### What to produce
The records below hold a stretch from the line with "Finally, our application" through the line with "Cool Base Jersey"; return exactly those lines, ends included, and nothing more.
***** Supplied data *****
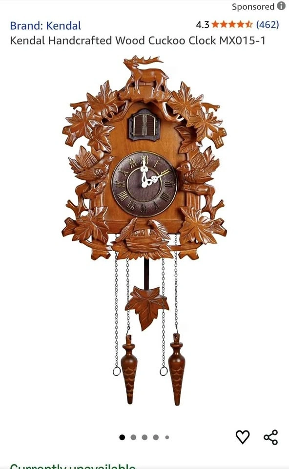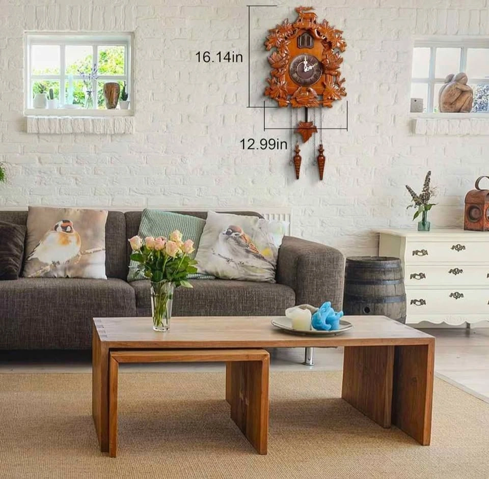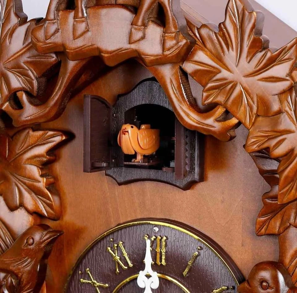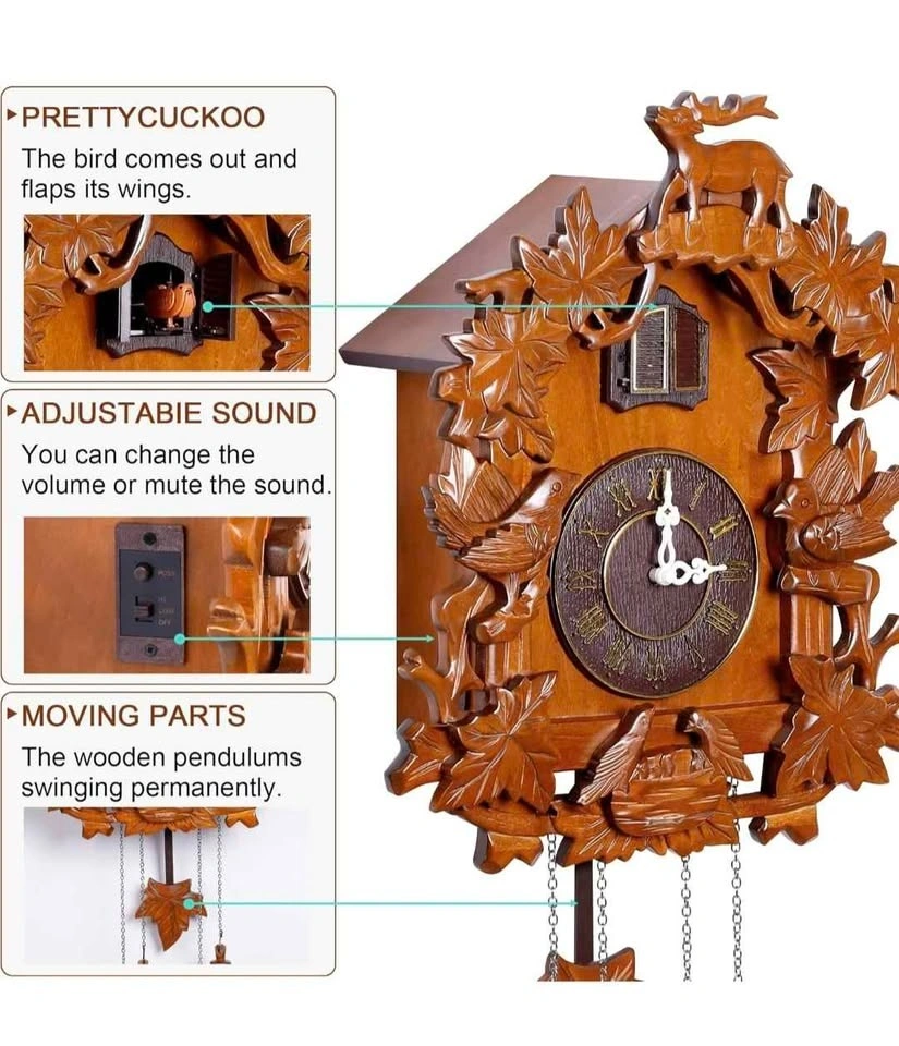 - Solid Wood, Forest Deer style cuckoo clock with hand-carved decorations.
*****
***** Supplied data *****
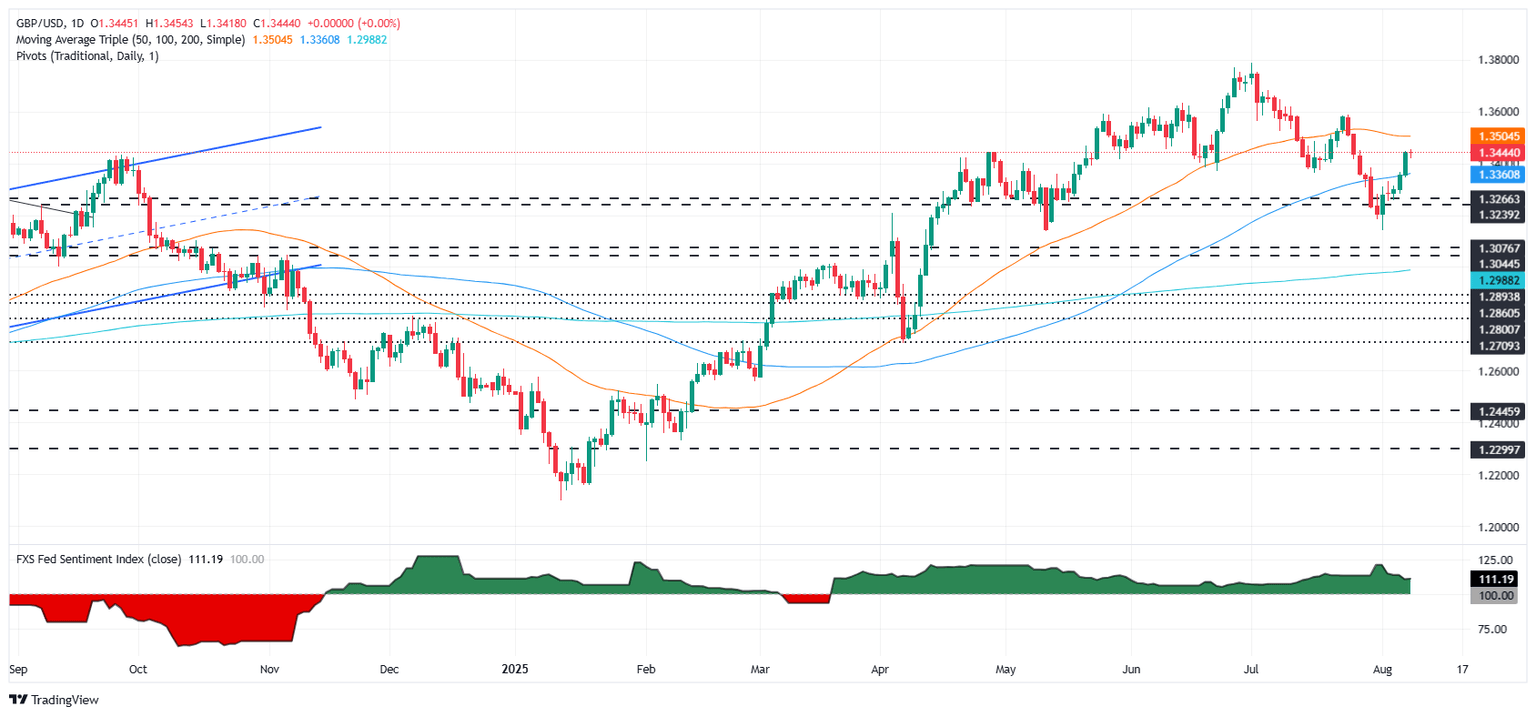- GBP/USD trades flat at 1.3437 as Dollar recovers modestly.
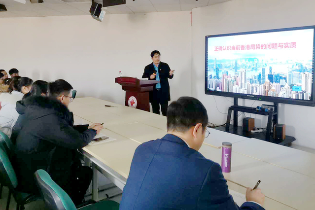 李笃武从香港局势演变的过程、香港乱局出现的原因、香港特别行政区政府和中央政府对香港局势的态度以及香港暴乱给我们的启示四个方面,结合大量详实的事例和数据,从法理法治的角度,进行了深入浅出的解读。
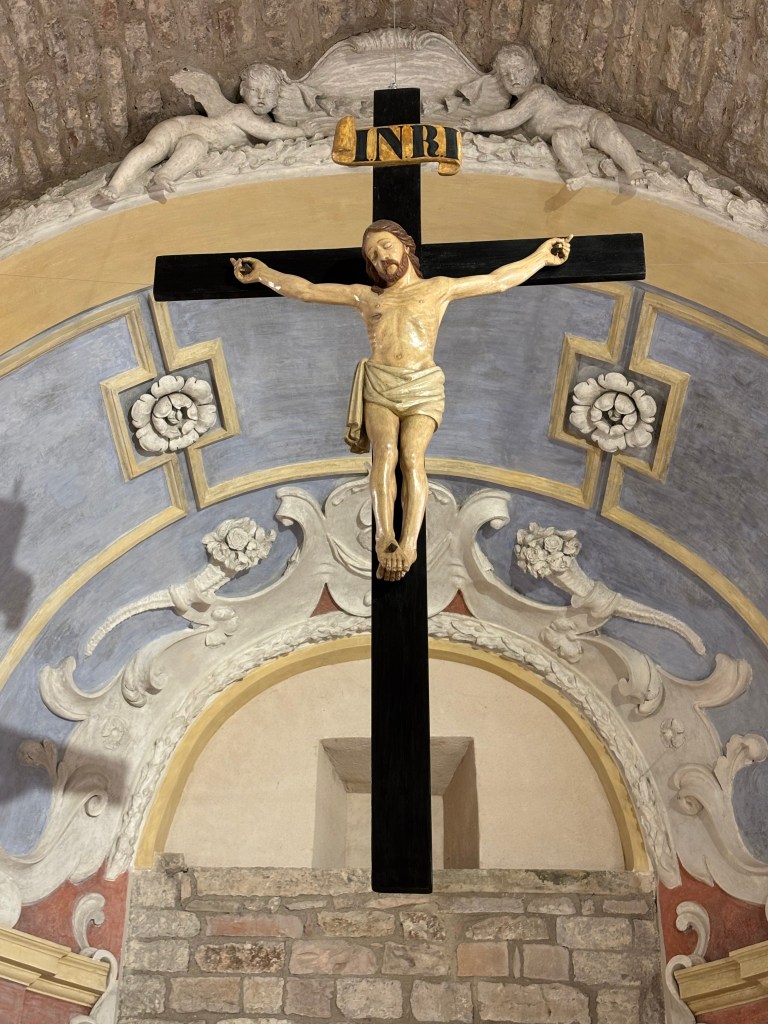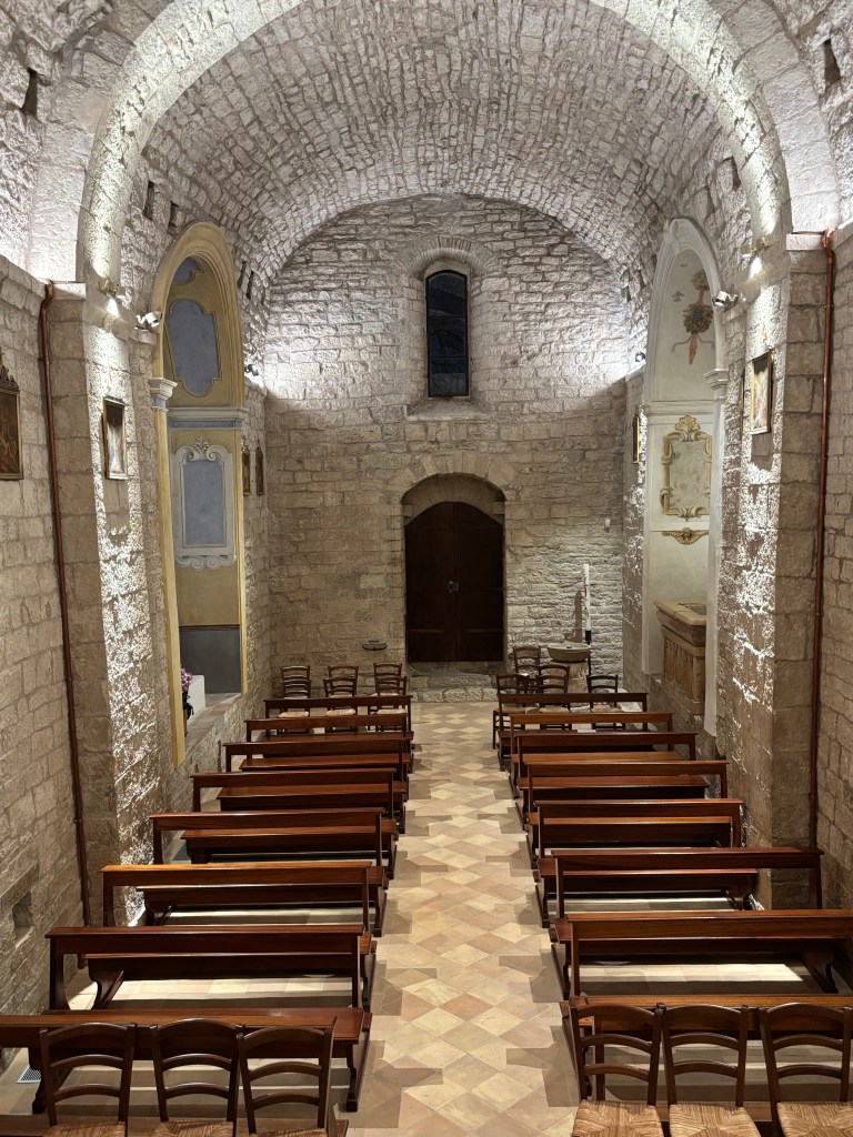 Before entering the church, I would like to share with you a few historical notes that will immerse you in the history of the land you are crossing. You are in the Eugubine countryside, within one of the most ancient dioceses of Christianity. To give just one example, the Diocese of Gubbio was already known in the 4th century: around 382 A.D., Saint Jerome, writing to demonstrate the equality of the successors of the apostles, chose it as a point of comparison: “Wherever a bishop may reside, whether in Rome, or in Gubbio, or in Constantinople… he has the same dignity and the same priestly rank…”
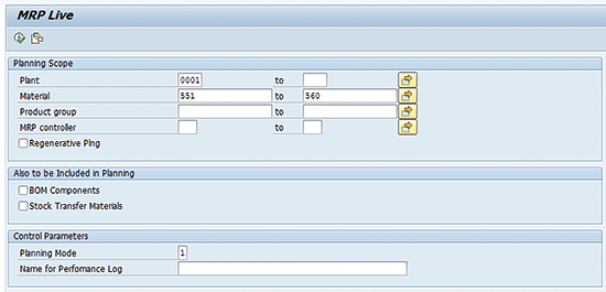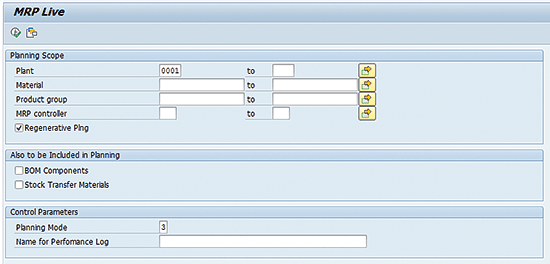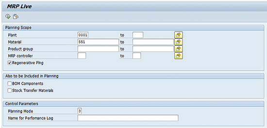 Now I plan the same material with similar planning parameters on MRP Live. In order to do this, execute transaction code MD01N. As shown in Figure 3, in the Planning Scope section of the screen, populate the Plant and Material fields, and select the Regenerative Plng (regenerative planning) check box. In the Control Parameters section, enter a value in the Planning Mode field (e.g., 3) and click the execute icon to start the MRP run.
*****
***** Supplied data *****
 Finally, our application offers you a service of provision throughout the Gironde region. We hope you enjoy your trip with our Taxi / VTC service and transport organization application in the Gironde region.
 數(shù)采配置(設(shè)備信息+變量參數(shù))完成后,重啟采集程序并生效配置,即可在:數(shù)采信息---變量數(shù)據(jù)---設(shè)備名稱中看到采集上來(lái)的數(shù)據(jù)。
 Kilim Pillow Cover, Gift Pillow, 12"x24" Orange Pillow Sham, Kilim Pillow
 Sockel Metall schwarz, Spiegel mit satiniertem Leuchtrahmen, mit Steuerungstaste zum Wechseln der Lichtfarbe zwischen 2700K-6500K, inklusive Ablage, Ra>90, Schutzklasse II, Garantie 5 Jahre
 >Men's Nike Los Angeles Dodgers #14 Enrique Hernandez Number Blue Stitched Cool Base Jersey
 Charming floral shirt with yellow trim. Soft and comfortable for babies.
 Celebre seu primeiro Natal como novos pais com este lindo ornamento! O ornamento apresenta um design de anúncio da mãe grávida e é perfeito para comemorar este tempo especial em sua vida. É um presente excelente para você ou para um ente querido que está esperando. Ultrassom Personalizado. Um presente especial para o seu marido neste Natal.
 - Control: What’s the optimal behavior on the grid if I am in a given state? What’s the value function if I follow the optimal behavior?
*****
### Answer to the problem
 Finally, our application offers you a service of provision throughout the Gironde region. We hope you enjoy your trip with our Taxi / VTC service and transport organization application in the Gironde region.
 數(shù)采配置(設(shè)備信息+變量參數(shù))完成后,重啟采集程序并生效配置,即可在:數(shù)采信息---變量數(shù)據(jù)---設(shè)備名稱中看到采集上來(lái)的數(shù)據(jù)。
 Kilim Pillow Cover, Gift Pillow, 12"x24" Orange Pillow Sham, Kilim Pillow
 Sockel Metall schwarz, Spiegel mit satiniertem Leuchtrahmen, mit Steuerungstaste zum Wechseln der Lichtfarbe zwischen 2700K-6500K, inklusive Ablage, Ra>90, Schutzklasse II, Garantie 5 Jahre
 >Men's Nike Los Angeles Dodgers #14 Enrique Hernandez Number Blue Stitched Cool Base Jersey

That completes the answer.